(203 days)
The ClinDataLinkTM Version 1.0 for Spirometry is an application software that will collect spirometry data for clinical research studies in male/females, pediatrics to adults, and measure FVC, MVV, and SVC, in a hospital, clinic, or home use environment. Prescription device by a physician.
ClinDataLink Version 1.0 is a software application that will be used to collect spirometry data for clinical research studies using QRS Diagnostics, LLC Type II PCMCIA cards and software development kit. ClinDataLink will capture demographic data, spirometry data (FVC, SVC, and MVV) and time/date of visits based upon Protocol Wizard.
The provided text describes a software application, ClinDataLink Version 1.0 for Spirometry, but it is lacking the specific details required to answer many of your questions, particularly regarding acceptance criteria and a detailed study proving device performance in the way you've outlined.
The document is a 510(k) summary, which focuses on demonstrating substantial equivalence to a legally marketed predicate device rather than presenting detailed performance efficacy data for a novel device. As such, it highlights system verification and validation but doesn't delve into clinical performance metrics or studies in the manner typical for an AI/ML device.
Here's an attempt to answer your questions based on the available information, with direct statements about missing information where applicable:
1. A table of acceptance criteria and the reported device performance
This information is not explicitly stated or presented in the provided document. The document discusses "extensive validations of the four operating systems via standard verification/validation activities" to ensure compatibility and functionality, but it does not define specific performance acceptance criteria (e.g., accuracy, sensitivity, specificity for diagnostic tasks) nor report clinical performance data against such criteria.
The device's function is to collect spirometry data, not to interpret or diagnose. Therefore, typical diagnostic performance metrics wouldn't apply in the same way they would for an AI-driven diagnostic tool. The "performance" here refers more to reliable data capture and management.
2. Sample size used for the test set and the data provenance (e.g. country of origin of the data, retrospective or prospective)
This information is not provided in the document. The 510(k) summary does not detail specific test sets or clinical data used to validate the data collection capabilities of ClinDataLink. It refers to the use of "QRS Diagnostics, LLC Type II PCMCIA cards and software development kit" and the FDA-cleared "ORS SpiroCard" for data collection, implying that the core spirometry measurements are handled by the QRS hardware/software, and ClinDataLink's role is in collecting and managing that data.
3. Number of experts used to establish the ground truth for the test set and the qualifications of those experts (e.g. radiologist with 10 years of experience)
This information is not provided in the document. Since the device's primary function is data collection and management, the concept of "ground truth" for diagnostic performance in the context of expert review isn't directly applicable to its stated purpose.
4. Adjudication method (e.g. 2+1, 3+1, none) for the test set
This information is not provided in the document. Adjudication methods are typically used in studies where expert consensus is needed to establish ground truth for diagnostic or evaluative tasks, which is not the primary function of this data collection software.
5. If a multi reader multi case (MRMC) comparative effectiveness study was done, If so, what was the effect size of how much human readers improve with AI vs without AI assistance
This information is not applicable/provided. The ClinDataLink device is a data collection and management software for spirometry data, not an AI-assisted diagnostic tool. Therefore, an MRMC study comparing human readers with and without AI assistance is not relevant to its stated function or described validation.
6. If a standalone (i.e. algorithm only without human-in-the-loop performance) was done
This information is not applicable/provided. ClinDataLink is an application software for data collection, not a standalone diagnostic algorithm. Its performance is implicitly tied to its ability to accurately capture and manage data from the QRS SpiroCard system, which itself is a diagnostic spirometer requiring human operation.

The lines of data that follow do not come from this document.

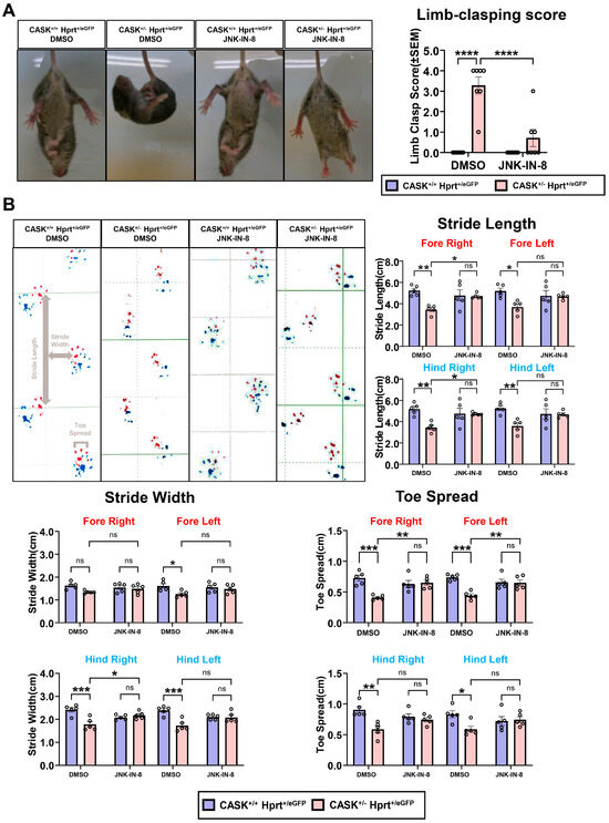 Behavioral analyses indicated that JNK-IN-8’s administration improved cerebellum function. (A). Photography on P20 CASK+/+ HprteGFP/+ and CASK+/- HprteGFP/+ mice, treated with or without JNK-IN-8. Limb-clasping scores were calculated by their behavioral performance. (n = 7). (B). Gait analysis record and the stride length, stride width, and toe spread were measured separately from each limb. Red ink: Forelimbs; Blue ink: Hindlimbs. (n = 5) * indicates difference between the groups. * indicates p < 0.05; ** indicates p < 0.01; *** indicates p < 0.001; and **** indicates p < 0.0001. ns indicates no significant difference.
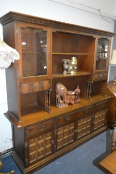 Large Oak Sideboard Wall Unit with Paneled Doors
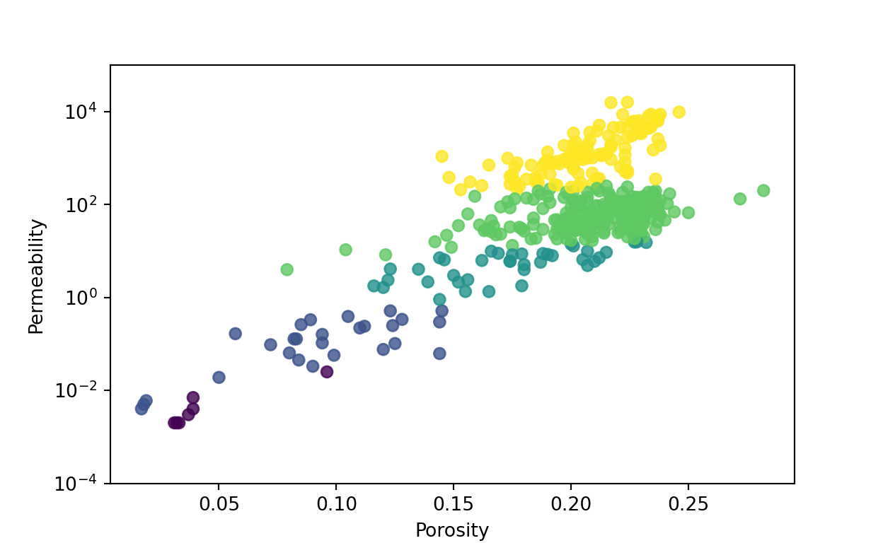 Cálculo de radio de garganta poral para agrupar datos petrofísicos en tipo de roca con Python
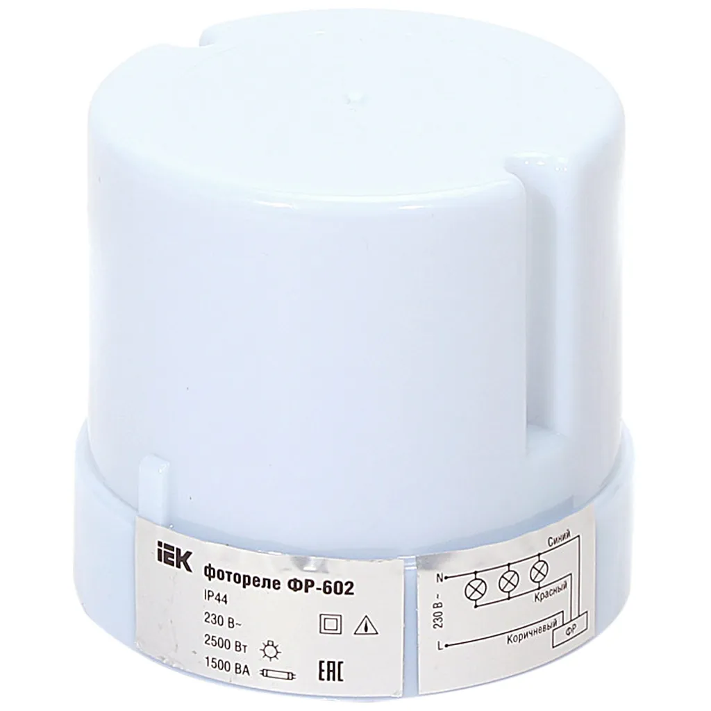 Фотореле ФР602 ИЭК, 5500Вт максимальная нагрузка, серый
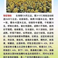 栽培要點 5月上旬播種,畝保苗6000-7000株;施足底肥,拔節(jié)前注意追 肥;出苗后及時定苗,及時鏟趟管理;注意防蟲在蠟熟末期適時收獲。

7. The type of ground truth used (expert concensus, pathology, outcomes data, etc)
This information is not provided in the document. Given the device's function as data collection software, the "ground truth" would likely relate to the accuracy and integrity of the data it collects compared to the raw output from the connected QRS SpiroCard. However, details of such comparisons or any specific ground truth definition are not included.
8. The sample size for the training set
This information is not provided in the document. As ClinDataLink is a software application for data collection and management, not an AI/ML model, the concept of a "training set" in the context of machine learning is not applicable here. Its development would involve software engineering and testing principles rather than machine learning training.
9. How the ground truth for the training set was established
This information is not applicable/provided. As noted above, the concept of a "training set" for an AI/ML model doesn't apply to this software.
§ 868.1840 Diagnostic spirometer.
(a)
Identification. A diagnostic spirometer is a device used in pulmonary function testing to measure the volume of gas moving in or out of a patient's lungs.(b)
Classification. Class II (performance standards).